Breaking the Enigma Code With Rust

April 17, 2017

If I had to pick something from the humanities to study in university, I would probably go with history. Not only is history interesting in and of itself, but having a good grasp on history clarifies a lot of modern geopolitics. War is probably one of the more “exciting” aspects of history, and while it goes without saying that war is terrible, a lot of technologies and even new fields of research are the product of wartime conditions.

The Enigma machines are a series of electromechanical cipher machines that were famously used by Germany in World War II to encrypt military communications. Breaking the Enigma code had a huge impact on the Allies’ ability to win the war. Most of what I could write about the history of cracking Enigma is already covered by this Wikipedia article (or if you prefer a more dramatized version, a certain movie starring Benedict Cumberbatch), so I won’t go over it in detail.

Inspired by the computers that were born out of cryptanalysis, I decided to write my own Enigma-cracking program in Rust — ultra. “Ultra secret” was the classification level used by the Allies to refer to intelligence obtained via deciphering German communications at Bletchley Park. If the Germany had discovered that the Allies could read their messages, they easily could have switched to a completely new encryption method, nullifying all the effort spent breaking Enigma in the first place.

To demonstrate how the Enigma cipher was employed, here is some example usage from ultra. First, we encrypt this plaintext message using some random machine settings:

$ ultra --randomize "\
A few miles south of Soledad, the Salinas River drops in close to the hillside bank and runs deep and green. The water is warm too, for it has slipped twinkling over the yellow sands in the sunlight before reaching the narrow pool."
S rkz yypvn dsory vc Xbjvauu, yos Tlkdcmx Qpwcd tpgsf zj euqpp op vvd iwuffxjz umes nmk yamh zkdq vwk vavwc. Nkh fmyzp gk rfhe sgx, qth ml psm qasmrkl npmhsxdou jqwx hba eiyeur qtoci kq lqb hxqczkqn mdodir scdmsprt ddm ywnbgz uemo.
(Rotors: 215, Key Setting: YFI, Ring Setting: UZW)

When this ciphertext is encrypted using the same settings, we recover the original message:

$ ultra --rotor=215 --key=YFI --ring=UZW "\
S rkz yypvn dsory vc Xbjvauu, yos Tlkdcmx Qpwcd tpgsf zj euqpp op vvd iwuffxjz umes nmk yamh zkdq vwk vavwc. Nkh fmyzp gk rfhe sgx, qth ml psm qasmrkl npmhsxdou jqwx hba eiyeur qtoci kq lqb hxqczkqn mdodir scdmsprt ddm ywnbgz uemo."
A few miles south of Soledad, the Salinas River drops in close to the hillside bank and runs deep and green. The water is warm too, for it has slipped twinkling over the yellow sands in the sunlight before reaching the narrow pool.

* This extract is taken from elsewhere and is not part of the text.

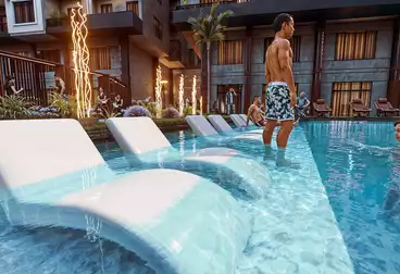 • 2 حمام سباحة بمستويات مختلفة.• نافورة مع مطعم ومقهى بجوار المسبح.• استقبال فندقي وغرف مكاتب لإدارة المنتجع.• خدمة تنظيف شاملة (غرف خارجية – سلالم – مداخل – استقبال).• خدمات الغرف حسب الطلب.• نظام مراقبة مع غرفة تحكم وكاميرات – أمن 24 ساعة.• مواقف سيارات بسعة 350 سيارة.• 10 مصاعد موزعة على المبنى.• إدارة احترافية للفندق والمطاعم والكافيهات.• مركز تسوق يضم علامات تجارية متنوعة.• هايبر ماركت بمساحة 2200 م².• صيدلية وخدمات تجارية متكاملة (كافيهات – مطاعم – محلات تجزئة).الأماكن القريبة• ممشى النزهة.• بيست واي – سوق الجملة – خير زمان.• محلات تجارية ومطاعم وكافيهات متنوعة.• مستشفيات وخدمات طبية.• بنوك ومنطقة خدمات مالية.• مواصلات عامة ومولات تجارية.
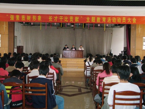 为进一步深入贯彻落实《中共中央国务院关于进一步加强和改进大学生思想政治教育的意见》精神,切实加强我校大学生的思想道德建设,引导学生牢固树立社会主义荣辱观,我校在大学生中开展为期2个月的“强素质树形象,长才干比贡献”主题教育活动。活动重点围绕理想信念教育、强化学风教育、文明道德教育、创新意识教育四大版块开展,旨在积极倡导学生“朴实生活、踏实学习、务实做事、诚实做人”,通过引导学生勤奋学习、明礼修身、开拓创新、磨练意志、锻炼能力,促使大学生全面发展,积极奉献。学校有关部门为此专门印发通知,召开动员大会就主题教育活动的开展做出具体安排。

Now, let’s attempt to decipher the message with no knowledge of the correct settings:

$ ultra --decrypt "\
S rkz yypvn dsory vc Xbjvauu, yos Tlkdcmx Qpwcd tpgsf zj euqpp op vvd iwuffxjz umes nmk yamh zkdq vwk vavwc. Nkh fmyzp gk rfhe sgx, qth ml psm qasmrkl npmhsxdou jqwx hba eiyeur qtoci kq lqb hxqczkqn mdodir scdmsprt ddm ywnbgz uemo."
A few miles south of Soledad, the Salinas River drops in close to the hillside bank and runs deep and green. The water is warm too, for it has slipped twinkling over the yellow sands in the sunlight before reaching the narrow pool.
(Rotors: 215, Key Setting: EZI, Ring Setting: ATW)

We managed to recover the plaintext from nothing but the ciphertext! The decryption algorithm used in ultra was largely inspired by some of James Lyon’s articles on the Enigma machine on his website Practical Cryptography.

It is important to make a distinction between the algorithm used by ultra and the cryptanalysis that was performed at Bletchley Park. The methods that were actually used to crack Enigma during World War II involved intercepting messages where parts of the plaintext could be guessed, which mostly came in the form of weather reports and other routine communications.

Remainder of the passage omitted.